● Work request
From the line that contains "6. Disconnect the" down to the final line of the listing below, set down every line exactly, both ends included, and drop the pictures.

● Data segment

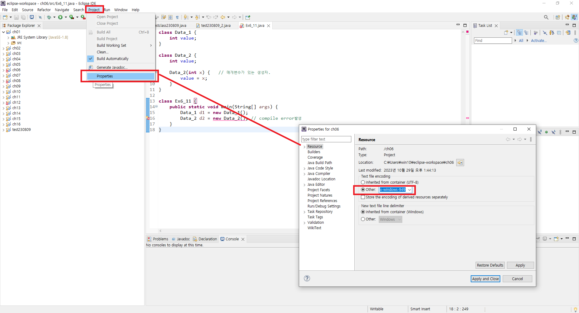 project - properties -> Resource - Text file encoding - other : 949 변경
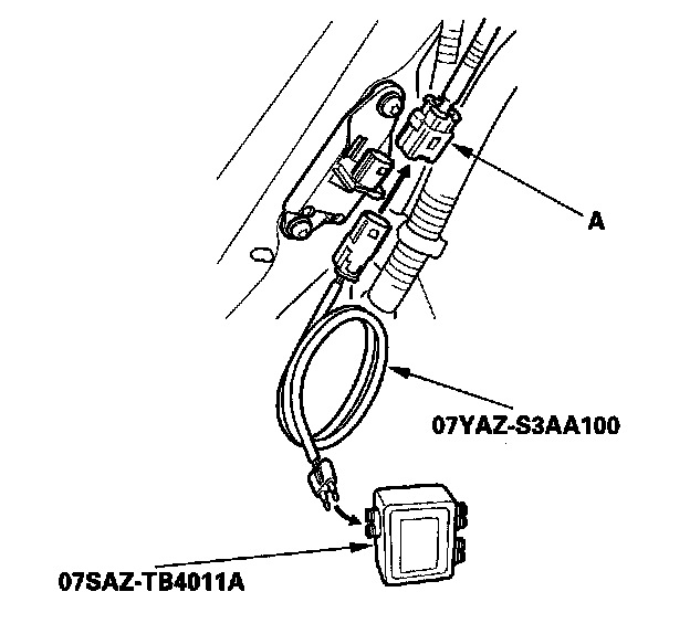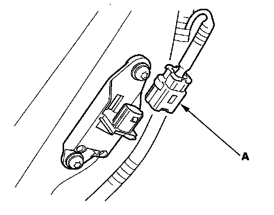 6. Disconnect the side curtain airbag harness 2P connector (A) from the right side impact sensor (second).
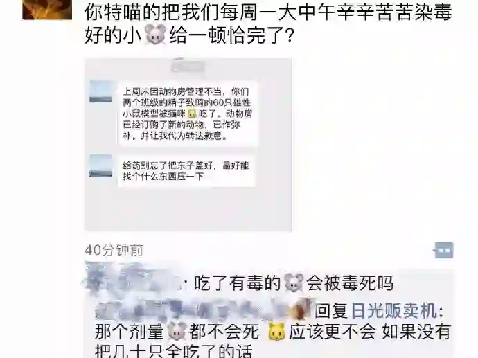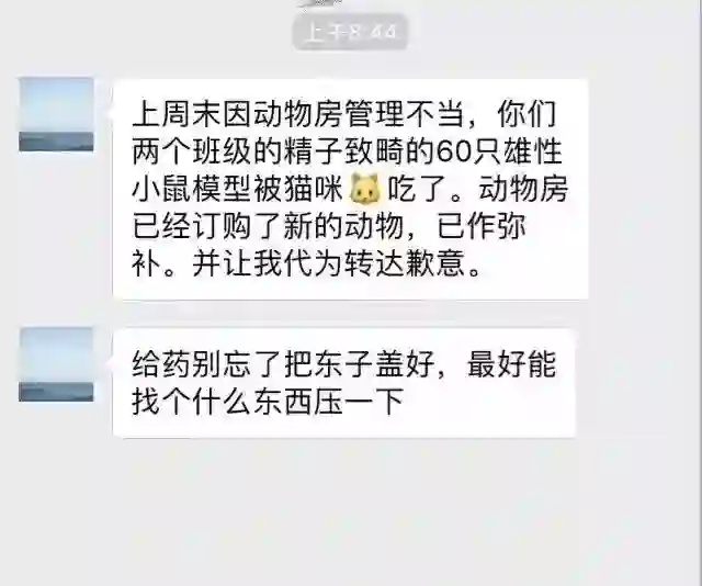 @石小兔呗:说个不太惨的吧,动物房装修,找了个一层仓库放老鼠,没有空调,怕热死老鼠,就把仓库的窗户打开了…今天师妹过去看老鼠,发现一只白猫从里面出来…没有实质性损失,也还好师姐5w的模型鼠没进来。

● Exercise result
 6. Disconnect the side curtain airbag harness 2P connector (A) from the right side impact sensor (second).
 @石小兔呗:说个不太惨的吧,动物房装修,找了个一层仓库放老鼠,没有空调,怕热死老鼠,就把仓库的窗户打开了…今天师妹过去看老鼠,发现一只白猫从里面出来…没有实质性损失,也还好师姐5w的模型鼠没进来。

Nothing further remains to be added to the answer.